Laws will differ based on the country you happen to be in.
Here in the UK where I live, as of November 2015, we don’t require a permit to shoot non commercial photos in public areas.
Currently, the Police in the UK do not have powers to stop you from taking photos in public areas.
As there are currently no general privacy laws in the UK, people are free to take images of other people, however, as photographers, a gentle acknowledgment such as a smile, goes some way to receiving little to no objection. Most people even smile back or hit a pose!
However, if someone does ask for their image to be deleted, then the photographer should take into account the European Convention on Human Rights and perhaps delete the image in order to respect the rights for the other persons privacy.
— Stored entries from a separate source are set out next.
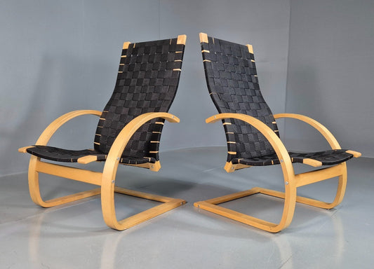 2 Vintage Danish Bentwood and Canvas Lounge Chairs Aalto Style 1980s EB7228 MBEN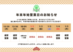年末年始営業日のお知らせ(ヘアーパレス フタバ店)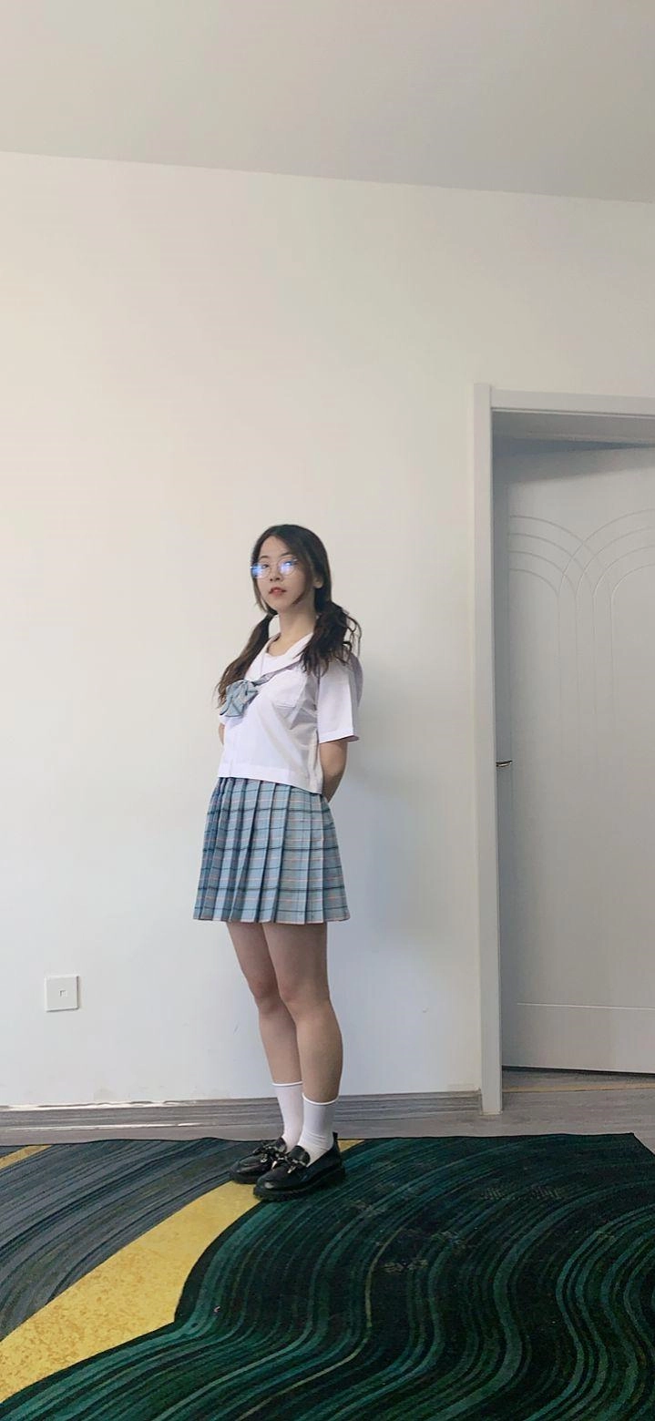 看点:双马尾+天蓝色JK制服短裙+过膝长筒丝袜(绝对领域福利)+白色中筒丝袜套冰冰袜(上次谁说的丝套棉来着?)+失禁的可爱猫爪内裤堵嘴(当然不是真失禁,堵嘴自拍很可爱)+自缚后蹦跳取物(增加了不少难度,尽情折磨就是了)+自我奴役游戏(详情看下文)+透明马丁靴红豆虐足(铺满了鞋底)+清JK定妆照(感觉跟娜娜有的一拼)
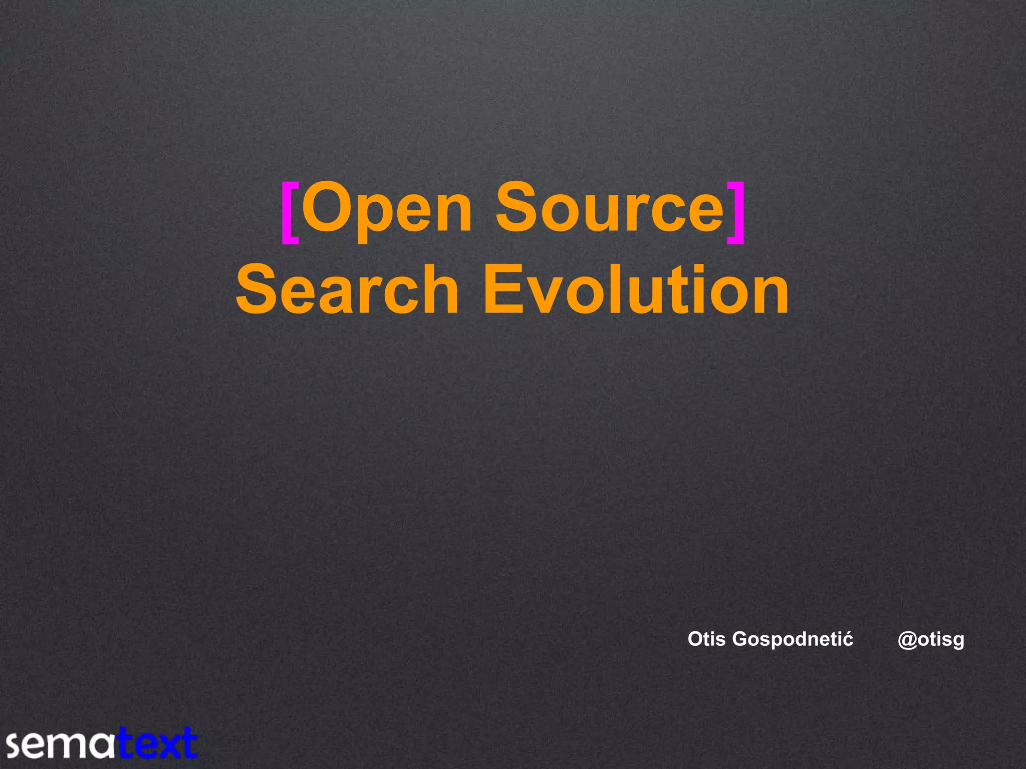 This document summarizes the evolution of open source search tools from the early 1970s to present day. It discusses the transition from early tools like WAIS and Harvest in the 1990s to modern distributed search platforms like Elasticsearch. Key areas of advancement are highlighted, such as support for more languages through improved stemming and lemmatization, more sophisticated relevance algorithms, distributed architectures for scaling data and queries, faster indexing and real-time search, reduced memory footprints, and expanding capabilities beyond basic text search to include geospatial, classification, recommendation, key-value storage, analytics and more.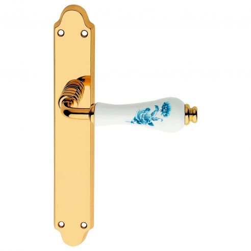 Maniglia porcellana bianca fiori blu con placca per porta Dalia Linea Calì
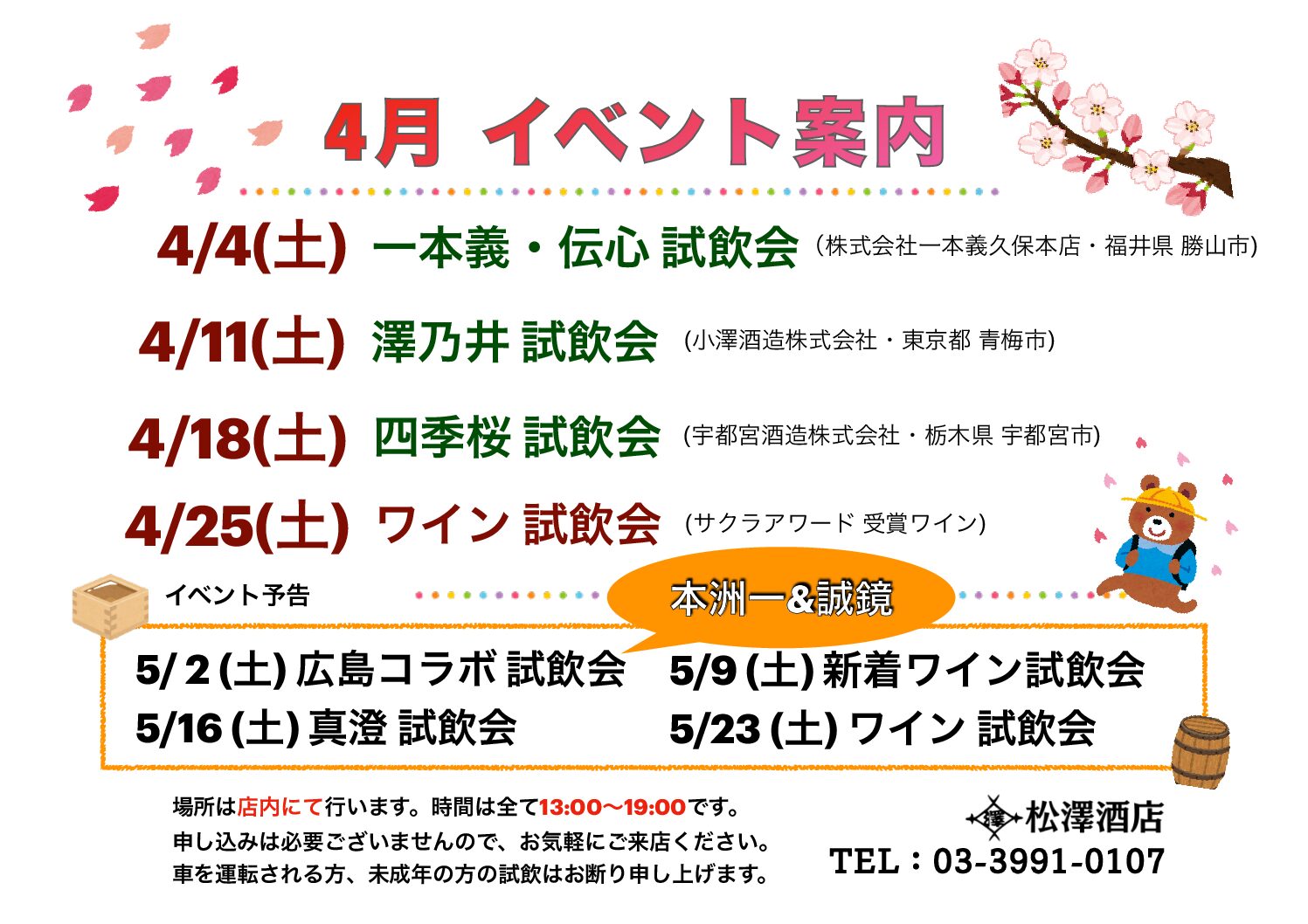 【4月イベント案内】 2026 3/27 インフォメーション 2026年3月27日 事前申込は必要ございませんので、お気軽にお立ち寄りください。 皆様のご来店を心よりお待ちしております。 インフォメーション 【4/4 ロゼ・オレンジワイン 試飲即売会】 【4/4 一本義・伝心 試飲即売会】

Saying that, the photographer is not under legal obligation to delete an image if the place where the image was taken, the subject did not have a reasonable expectation of privacy. This also applies to children where a parent may ask for the image to be deleted, as it is not currently an illegal offence to take a decent image of a child in a public place and remains the discretion of both parties whether the image should be deleted or not.
This general policy covers people, street performers, random kids and painters and artists selling their work. As long as they are on public land with no real expectations of privacy, then you can take the image and only delete if you wish to respect the European Convention on Human Rights.
Regarding private property; you may be on a public street, however, if you happen to be standing in front of a building where the front pavement also happens to be owned by that building, then you are not allowed to take an image without prior authority as it is private land. If you refuse to leave, then that can be seen as trespassing and security can use reasonable force to remove you.
This includes most of the fields and farmland of the UK as they are pretty much all privately owned. However, you can shoot an image where the scene is made up of the farmers land, as long as you are on a public road! Similarly, the same rule applies to taking images of interiors from a public road. You can do that and only delete if you are confronted and wish to do so. Once again, if the people inside the building do not have a reasonable expectation of privacy, they cannot force you to delete the image.
In the UK, certain government buildings and all airports have bylaws which can restrict any person from being a certain distance from a perimeter fence and these bylaws are quite often sign posted. However, besides Parliament Square and Trafalgar Square, both of which have slightly tighter rules, you can take images of airports or government buildings from public areas.
It is also okay to take photos on public transport such as Trains and Underground Tube Network but there are restrictions such as no Flash and Tripod.
Finally, in the UK we do have stop and search Policies.
Up till March 2011 the police could stop you under section 44 of the Terrorism Act 2000 which required no suspicion of an offence, and you would have to surrender your camera for inspection. Since then, this has been changed to Section 47a where the stopping officer, "reasonably suspects that an act of terrorism will take place”, and reasonably considers that the authorisation “is necessary to prevent such an act”.
Under section 43, terrorism Act 2000, where if there is reasonable doubt to suspect you, the camera can taken off you and viewed. If there is cause and reason to suspect you further, the camera can be seized. If you have taken images of a policeman or a member of armed forces, you can be arrested.
Finally, morality, well I guess that is subjective to the photographer.